Georgetown is Penang's transportation hub. Ferries to and from Butterworth arrive at the Raja Tun Uda terminal on Weld Quay (Pengkalan Weld) on the east side of the city; the bus station is nearby on Victoria Street. Take a note of where these are located as you will no doubt want to see them again rather shortly in order to depart.
Boats to Langkawi and Pulau Payar depart from Swettenham Pier (close to Victoria Memorial Clock Tower), about 700m north of Weld Quay. During the main season they leave at 8:15 am (via Pulau Payar) and 8:30 am, take about 2 hours until Langkawi.
The short ferry ride to Butterworth; departing at regular intervals is free. However, note that it costs RM1.20 for foot passengers coming from Butterworth to Penang.
A bus and train station awaits upon arrival in Butterworth - from where you can get transport connections to many of the major destinations in peninsular Malaysia. The ticket counters and waiting area are located under the overpass adjacent to the small market. Train tickets should be purchased in advance from the ticket booth at the island ferry terminal, the train station.
Air Asia connects Penang Airport with several destinations within Malaysia (Johor Bahru, Kota Kinabalu, Kuala Lumpur, Kuching and Langkawi) as well as Hong Kong, Indonesia (Jakarta, Medan, Surabaya), Singapore and Thailand (Bangkok).
The easiest way to get to Georgetown is certainly via Butterworth Bus Terminal and take the car ferry over to the Weld Quay ferry terminal.
However, there are busses that go right onto Penang island. These however, stop at the Sungai Nibong long-distance bus station, about 15km south of Georgetown.
Public transportation around the city is well organized (by Malaysian standards) with modern low floor aircon buses. Main public bus terminals are at jetty and Komtar building/mall where you can get a map with all lines. When boarding a bus you MUST have prepared exact change! All buses stop on their route, and if you don't mind going around the city a bit if you actually want to leave it, you have good chances of getting where you want. But if you're planning to venture out of Georgetown to the suburbs and beyond for a day's tripping, do bear in mind that the public buses stop picking up passengers after 10PM daily - apparently even on weekends and holidays. And if you need to take a taxi back to your quarters after midnight, be prepared to pay a 100% surcharge on top of the fare.
According to the Ministry of Tourism, "City taxis are required to charge according to the meter effective from August 2006". However, as in Kuala Lumpur, many taxi drivers have no respect for the law or at least believe that foreigners have no legal rights and will frequently try to cheat foreigners. A common ruse is to refuse to use the meter or to hide it behind a piece of cloth or a rudimentary cardboard panel. If encountering a driver playing these games seek an alternative taxi.

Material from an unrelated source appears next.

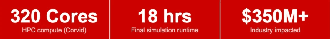 Simulations of this scale cannot run on workstation-class hardware. Fastway coordinated with Corvid HPC to provision the compute infrastructure required: 320 cores of managed, on-demand HPC power. Corvid handled licensing logistics and HPC environment setup, allowing the simulation team to focus entirely on physics rather than infrastructure. The final solve ran in 18 hours - a timeline that would have been unreachable on conventional hardware.

Either firmly agree on the fare before you get in or insist on using the meter. No driver is likely to agree to a negotiated fare of less than would occur if the journey were metered. Taxis can also be hired for a minimum of 3 hr. A good way to see the northern and western parts of the island if you don't have your own vehicle.

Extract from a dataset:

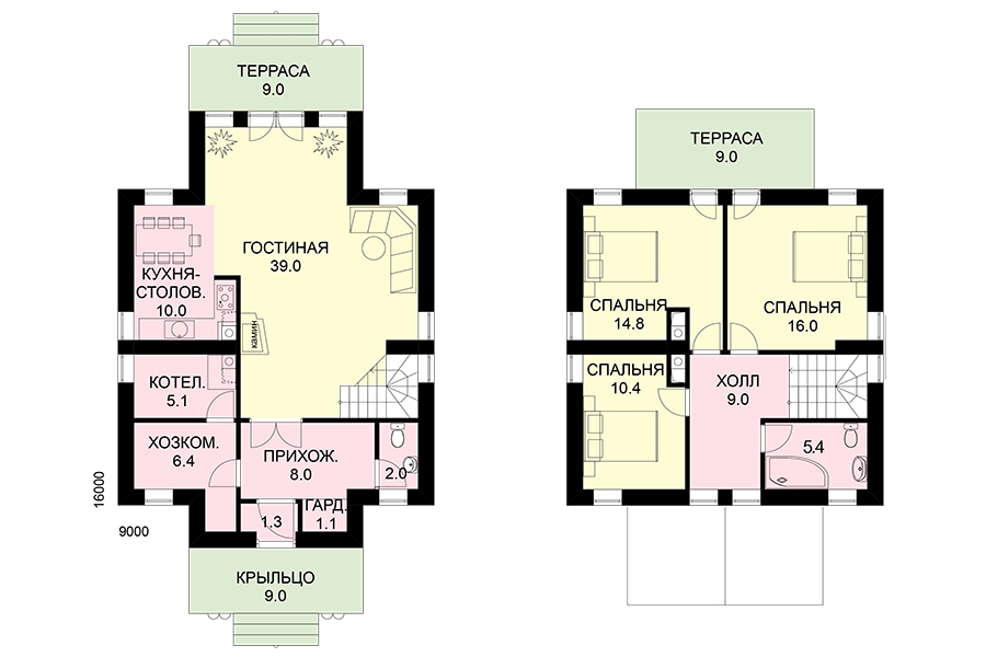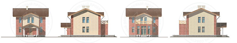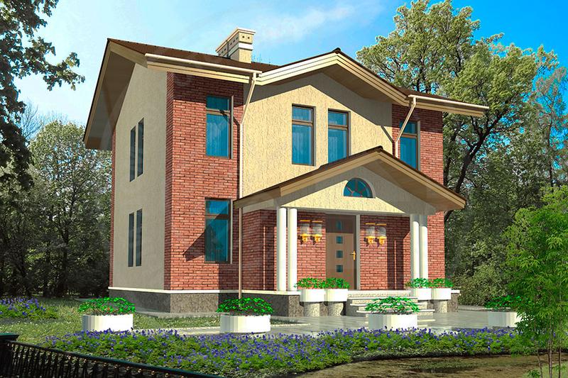 Уютный компактный коттедж со скатной кровлей, с ясно выраженным цельным симметричным объемом. Коттедж имеет выразительный главный фасад с четко обозначенным, выдвинутым вперед центральным ризалитом, с заглубленным главным входом в дом. Противоположный фасад, обращенный в сад, также имеет выступающую часть гостиной с террасой на втором этаже. Здание двухэтажное, без подвала и цокольного этажа. Планировка первого этажа решена с четким зонированием общего пространства, с лестницей в гостиной, ведущей на второй этаж. Светлая гостиная с камином совмещена с кухней, вместе они образуют единое пространство. В гостиной витраж с выходом на террасу сада. Из прихожей вход в техническое помещение с газовым котлом и бойлером для горячей воды, есть санузел и кладовая. На втором этаже три уютных спальни, две имеют выход на просторную террасу, обращенную в сад. На этаже одна удобная ванная комната.

Trishaws cater to tourists. However, these trishaw rides are becoming more of a curiosity rather than the norm as the number of trishaw peddlers are now lower in number than before.
You may also rent your own motorbike or scooter to get around.
Street names can be confusing: the street signs are in Malay, but locals will invariably use the old English names, e.g. Pitt Street instead of Jalan Masjid Kapitan Keling, Beach Street instead of Lebuh Pantai. Lebuh, Jalan, Lorong, are the Malay words for street, road, lane, respectively.
Georgetown can be difficult to walk around because of underdeveloped footpaths. In places without footpaths it can be difficult to get around safely on foot due to the heavy traffic and prevalence of deep, wide open drains. Be careful about those, or walk on the side of the road in places without a footpath. If you are walking on the side of the road, try to walk against traffic as far over as you can so you can see the cars coming. Use the pedestrian bridges where available to cross the road. Some areas do not have crosswalks and instead have the pedestrian bridges that go over the traffic.